Le financement envisagé atteint environ 2,2 milliards USD, soit 1,537 milliard de droits de tirage spéciaux. Ce montant représente 475 % de la quote-part du Sénégal auprès du FMI.
Son accès reste néanmoins conditionné à plusieurs étapes. L’accord conclu au niveau des services doit être soumis à la direction puis au Conseil d’administration du Fonds.
Dakar devra également apporter des réponses au précédent cas de communication d’informations erronées relevé par le FMI.
Des mesures correctrices sont attendues avant la validation définitive du programme, en plus des assurances de financement que doivent fournir les partenaires du Sénégal. Sur le fond, le futur programme place les finances publiques parmi les principales priorités.
Le gouvernement veut augmenter la mobilisation des recettes intérieures tout en rationalisant les dépenses. Une stratégie de recettes à moyen terme doit notamment être adoptée en 2027 afin d’élargir les ressources disponibles pour financer les dépenses prioritaires.
L’effort budgétaire doit aussi porter sur la gestion de la dette publique, le suivi des arriérés intérieurs et la surveillance des entreprises publiques. Cette politique d’assainissement doit cependant être menée sans réduire la protection des populations les plus vulnérables.
Les autorités prévoient ainsi de consolider les filets sociaux, notamment à travers des transferts monétaires ciblés.
Le FMI entend également accompagner des réformes destinées à améliorer l’environnement des affaires et l’inclusion financière afin de donner davantage de place au secteur privé dans la croissance.
L’économie sénégalaise conserve, dans le même temps, une dynamique soutenue par les hydrocarbures.
La croissance a atteint 6,7 % en 2025, portée notamment par la première année complète de production pétrolière. Cette performance masque toutefois une progression plus faible de l’activité hors hydrocarbures, limitée à 2,2 % sur la même période.
Une amélioration s’est dessinée au premier trimestre 2026, avec une croissance hors hydrocarbures de 4,7 % en glissement annuel. L’inflation est, pour sa part, restée contenue à 1,4 % en 2025.

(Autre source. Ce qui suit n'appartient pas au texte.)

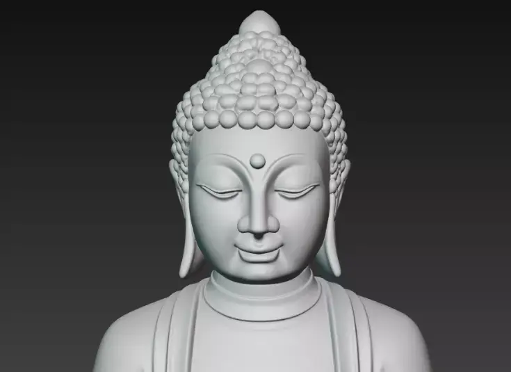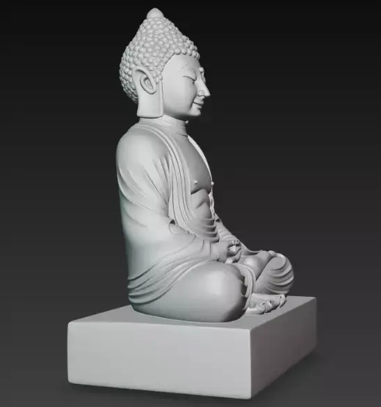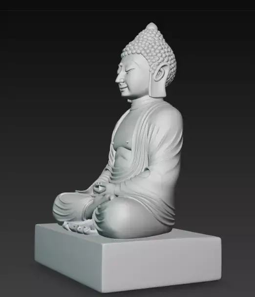 A detailed 3D-rendered Buddha statue in a meditative pose, featuring flowing robes and a calm expression, perched on a simple square base.
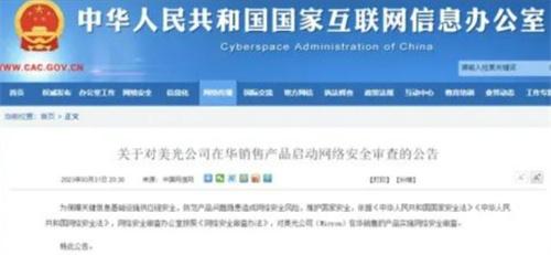近日網絡安全審查辦公室對美國公司在華的銷售產品進行了網絡安全審查,經調查發現美光公司的產品存在著很大的網絡安全隱患,對于我國關鍵信息的基礎設施供應鏈造成了很大的安全風險,極大程度的影響我國的國家安全,為此網絡安全審查辦公室,依法作出不通過網絡審查的結論,按照網絡安全法等眾多法律法規,禁止我國信息基礎建設的運營者和運營機構,通過任何形式來采購美光公司的產品。
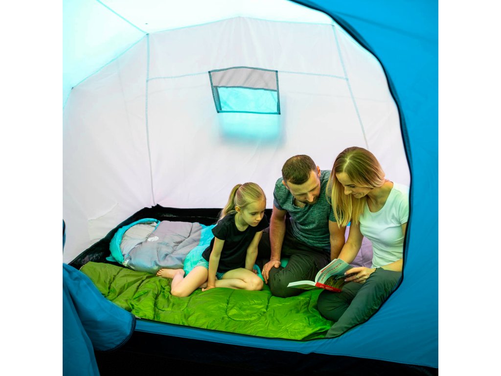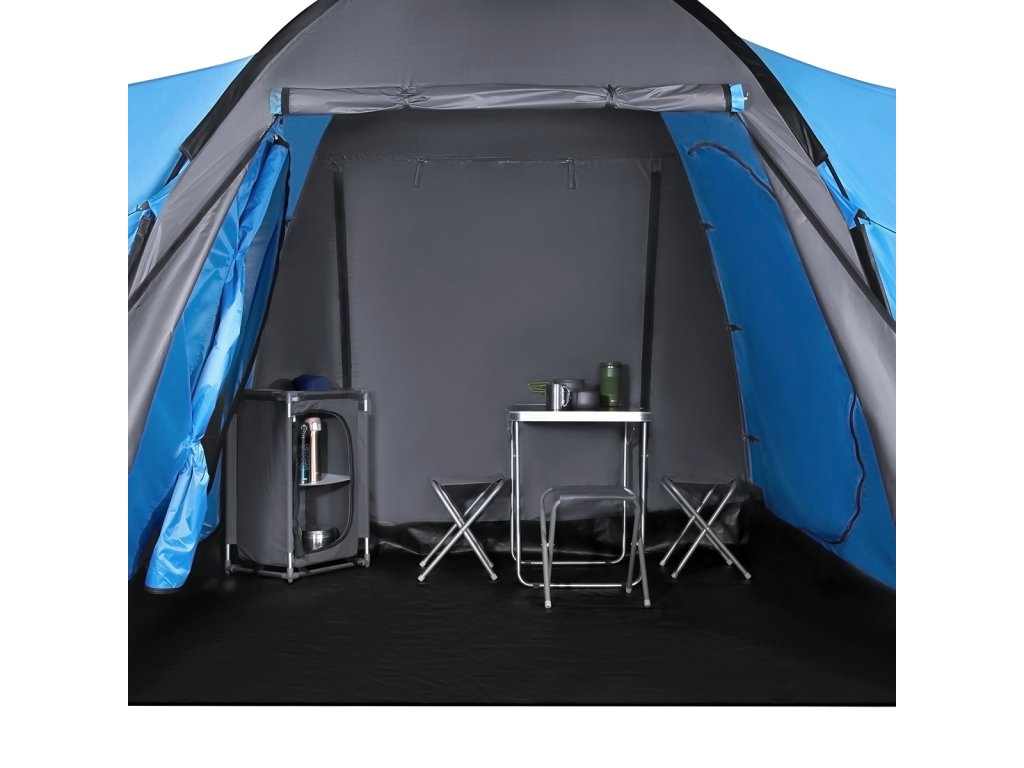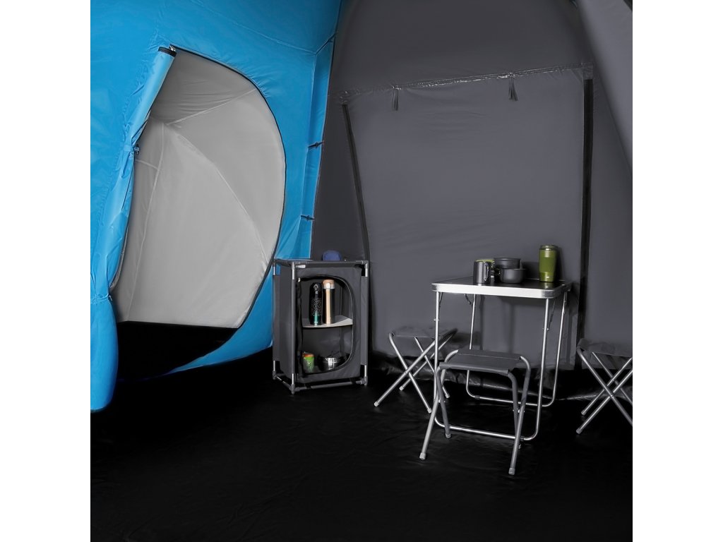Highland ponúka dve samostatné spálne, každú pre tri osoby, a veľkú predsieň s rozmermi 210 × 210 × 200 cm. To je dostatok priestoru na pohodlný pobyt vo vnútri stanu – či už odpočívate, alebo sa schovávate pred dažďom.
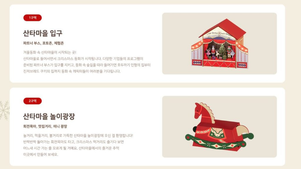 크리스마스 시즌 소품 및 먹거리 소상공인 판매 부스, 기업 협업의 파트너 부스, 포토존과 다양한 체험 이벤트 프로그램으로 산타 마을이 구성됩니다.
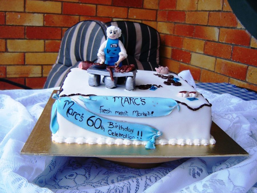 Rich moist chocolate cake, covered with sugar paste. Butcher is gum paste, as well as the chicken, Ham, Chops and sausage and table, the sausage around the top of cake is done with royal. all signs etc gum paste. The birthday boy is a Butcher, who turned 60, so i was asked to theme the cake in with that. Thank you for looking
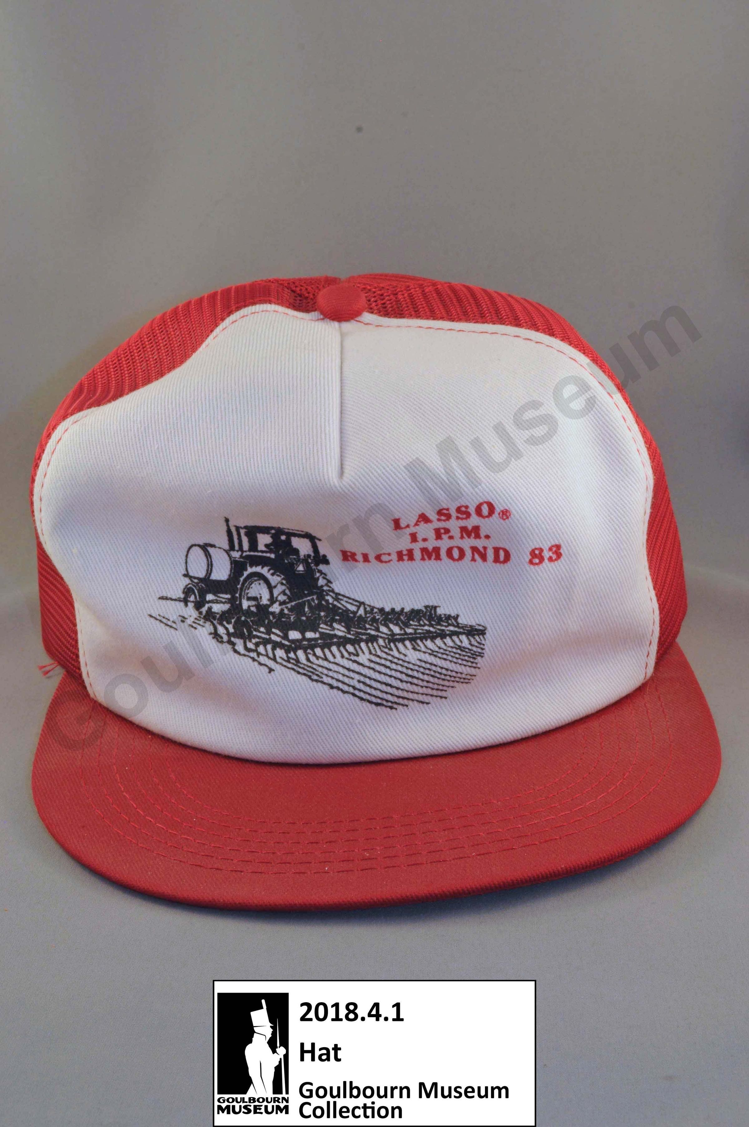 The object is a fabric and mesh cap with a plastic head strap. The mesh is red making up the back portion of the hat. There is white fabric for the front of the hat which features red text reading "LASSO, I.P.M RICHMOND 83". There is also an illustration of a tractor ploughing a field. On the inside of the hat is a manufacturer tag which provides information of the ratio of cotton, polyester, mesh, and nylon material. There is also the name of K-Brand LTD and their company symbol.Context

Le futur programme pourrait également servir de levier pour mobiliser des financements auprès de la Banque mondiale, de la Banque africaine de développement (BAD) et d’autres partenaires.

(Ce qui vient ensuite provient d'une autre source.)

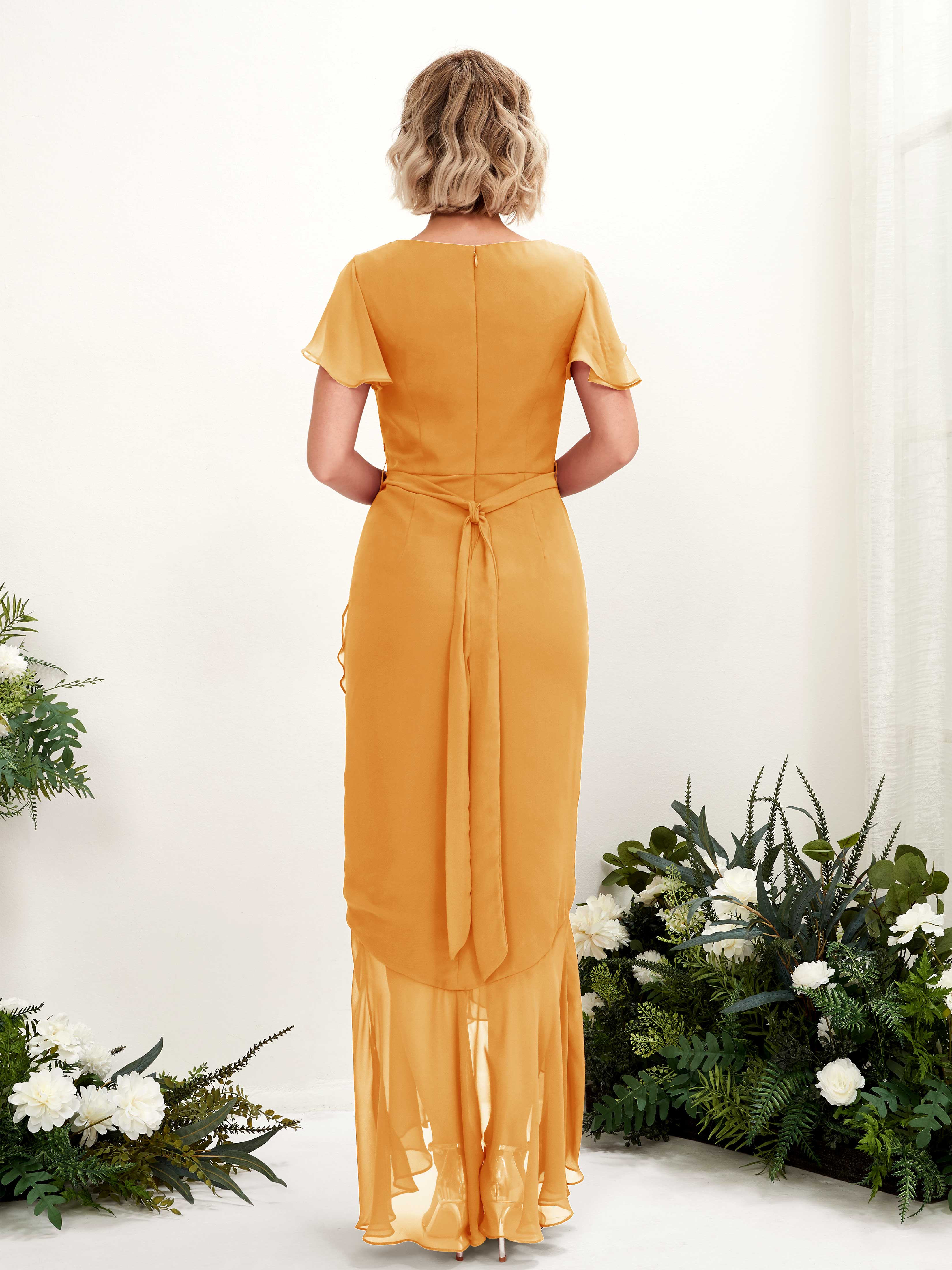 Carlyna Eartha Mermaid Mango Bridesmaid Dress Maxi Cap Sleeve V-Neck Dress Back View

Pour Dakar, le véritable test sera la capacité du gouvernement à restaurer durablement la crédibilité des finances publiques, maîtriser l’endettement et transformer la croissance pétrolière en ressources budgétaires stables.
La solidité du programme dépendra ainsi moins du volume du financement obtenu que de la capacité du Sénégal à corriger ses fragilités budgétaires sans freiner l’activité hors hydrocarbures ni affaiblir les dépenses sociales.